George Weston Anderson


George Weston Anderson was a United States Circuit Judge of the United States Court of Appeals for the First Circuit.

Education and career

Born on September 1, 1861, on a farm in Acworth, New Hampshire, Anderson received an Artium Baccalaureus degree, cum laude, in 1886 from Williams College and a Bachelor of Laws, magna cum laude, in 1890 from Boston University School of Law. He entered private practice in Boston, Massachusetts from 1890 to 1914. He was an instructor at Boston University School of Law from 1891 to 1894. He was the United States Attorney for the District of Massachusetts from 1914 to 1917. He was a member of the Interstate Commerce Commission from 1917 to 1918.

Role in Brandeis confirmation

In 1916, he worked to win Senate approval of Louis Brandeis when he was nominated to the United States Supreme Court, serving as counsel to the subcommittee that considered the nomination and conducting some of the crucial cross examination of witnesses.

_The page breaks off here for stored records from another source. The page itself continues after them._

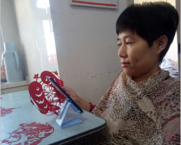 图为残疾人通过网络学习创作的剪纸作品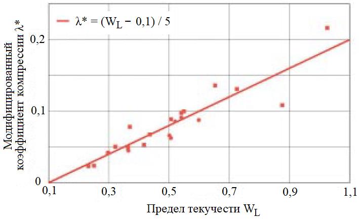 Рис. 3. Хорошая корреляция между модифицированным коэффициентом компрессии λ* и пределом текучести WL по результатам измерений Энгеля [8]
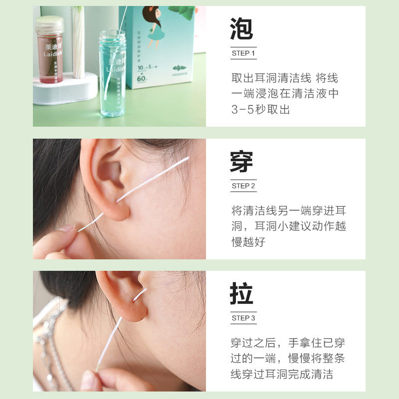 耳洞清洁线日本清理耳洞护理液防堵去异味清洗耳朵美容耳机清洁笔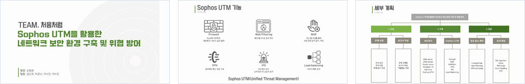 최근 들어 원격근무의 일상화와 더불어, 사이버 위협이 갈수록 다양화됨에 따라 기업의 업무망을 보다 정밀하게 보호할 수 있는 네트워크 보안 체계의 필요성이 강조되고 있다. 본 프로젝트는 Sophos UTM이 제공하는 다양한 보안 기능 WAF(Web Application Firewall), ACL(Access Control List), IPS(Intrusion Prevention System), 웹 필터링(Web Filtering), VPN(Virtual Private Network)을 종합적으로 사용하여, 외부로부터의 비인가 접근을 효과적으로 차단하고 내부 자산에 대한 침해를 방지할 수 있는 종합 보안환경 구축을 목표로 한다. |
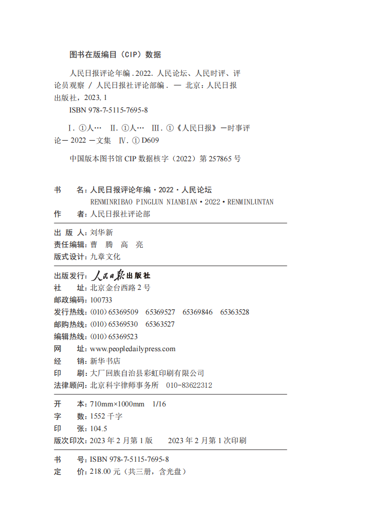 人民日报评论年编(2022)人民论坛、人民时评、评论员观察(人民日报出版社)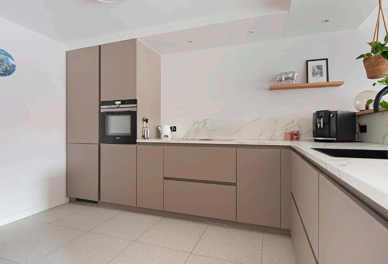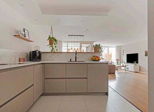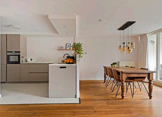 De keuken luxe en gaat naadloos over in de woonkamer. Uitgerust met de nieuwste inbouwapparatuur, waaronder een 4-pits inductiekookplaat, combi-oven, koelkast, vriezer, vaatwasser en Quooker. Hier kun je met plezier koken en tegelijkertijd genieten van het gezelschap van je gasten. Welk gerecht maak jij klaar?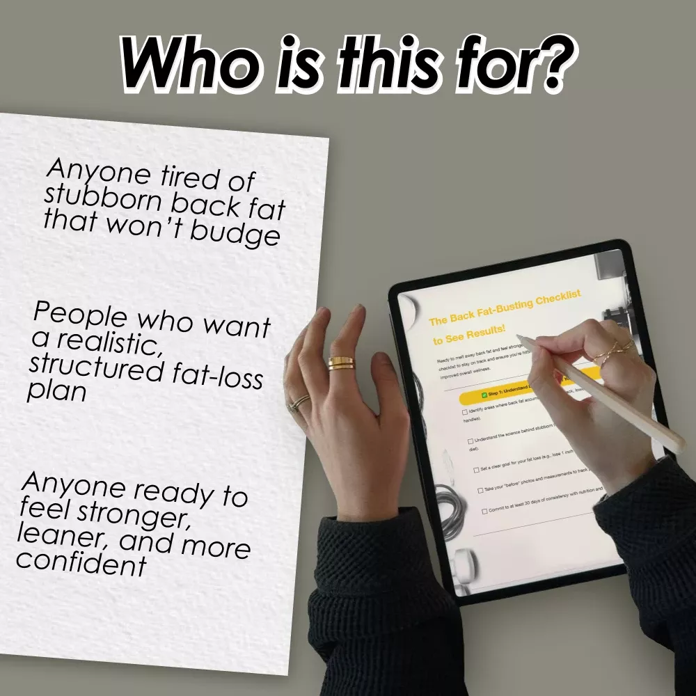 Struggling to get rid of stubborn back fat no matter how much you diet or exercise? You’re not alone — and you’re not out of options. The Back Fat-Busting Checklist to See Results! is your no-fluff, step-by-step digital guide designed to show you exactly how to lose back fat fast, without overwhelm or guesswork. Whether you’re dealing with upper back bulge, lower back fat, or love handles, this downloadable checklist makes your transformation clear, focused, and achievable. Ready to finally feel confident from every angle? This is your action plan.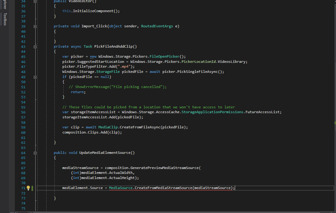 我使用MediaElement工具是因为MediaPlayerElement工具在我的vs17社区中不可用。我将构建绑定到这个应用程序,但遇到了一些错误。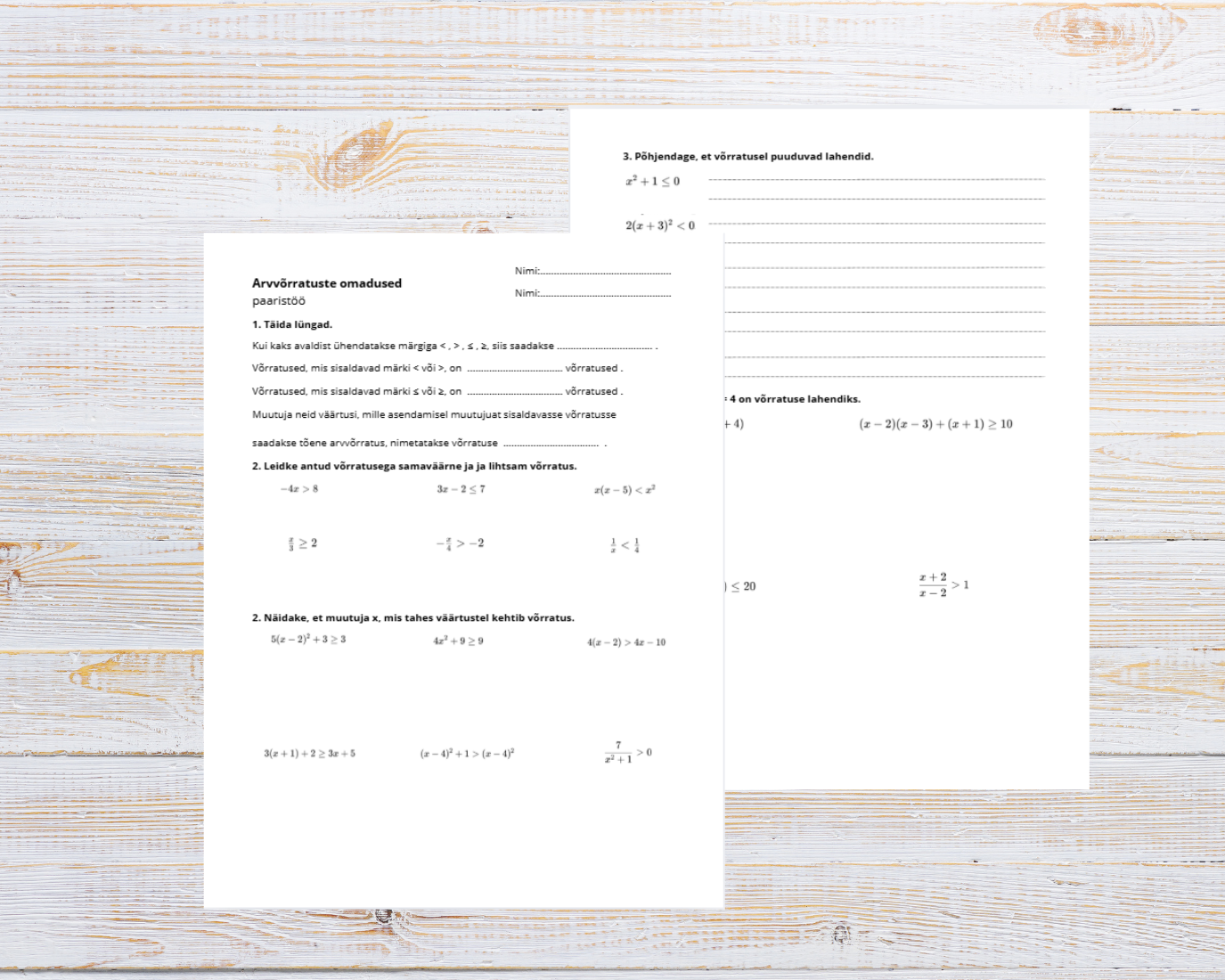 Failis on 2 lehte, prindituna 1 leht (mõlemal pool on ülesanded). Tehtud Lepmanni õpiku järgi. Tegin teiseks tunniks, kui teema on juba läbitud ja samad harjutused eelnevalt koos lahendatud.

Constitutional convention delegate

In 1916, the Massachusetts General Court and electorate approved a calling of a Constitutional Convention. Anderson was elected as a Delegate at Large to serve as a member of the Massachusetts Constitutional Convention of 1917.

Federal judicial service

Anderson was nominated by President Woodrow Wilson on October 1, 1918, to a seat on the United States Court of Appeals for the First Circuit vacated by Judge Frederic Dodge. He was confirmed by the United States Senate on October 24, 1918, and received his commission the same day. He assumed senior status on September 30, 1931. His service terminated on February 14, 1938, due to his death.

Notable case

Anderson was noted for dissenting when the court upheld some of the convictions arising from the Red Scare of 1919 to 1920. In June 1920, he effectively prevented any further resumption of the Palmer raids of November 1919 and January 1920 when his decision in the case of Colyer v. Skeffington ordered the discharge of 17 arrested radicals. His opinion concluded that there was no evidence that the Communist Party of the United States had urged a violent overthrow of the United States Government and he strongly criticized the United States Department of Justice for using entrapment and for its failure to follow proper legal procedures. Of the deportation proceedings he wrote: "A more lawless proceeding it is hard for anyone to conceive.... I can hardly sit on the bench as an American citizen and restrain my indignation. I view with horror such proceedings as this." The Colyer case remained controversial. For example, during Senate hearings held to consider charges that Attorney General A. Mitchell Palmer had ignored due process in arresting radicals in late 1919 and early 1920, a former Department of Justice official testified that Anderson had shown favoritism to witnesses on behalf of the defendant aliens in the Colyer deportation case.

Family

Anderson was married for eight years to Winnie E. Mitchell of Mason, New Hampshire, until her death. They had two sons and a daughter. In 1897 he married Addie Earle Kenerson of Boston, who survived him. The same year, he was elected a Fellow of the American Academy of Arts and Sciences. He lived in the Wellesley Hills neighborhood of Wellesley, Massachusetts.

Retirement and death

Anderson took inactive senior status in 1932, meaning that while he remained a federal judge, he no longer heard cases or participated in the business of the court. He died at his winter home in DeLand, Florida, on February 14, 1938.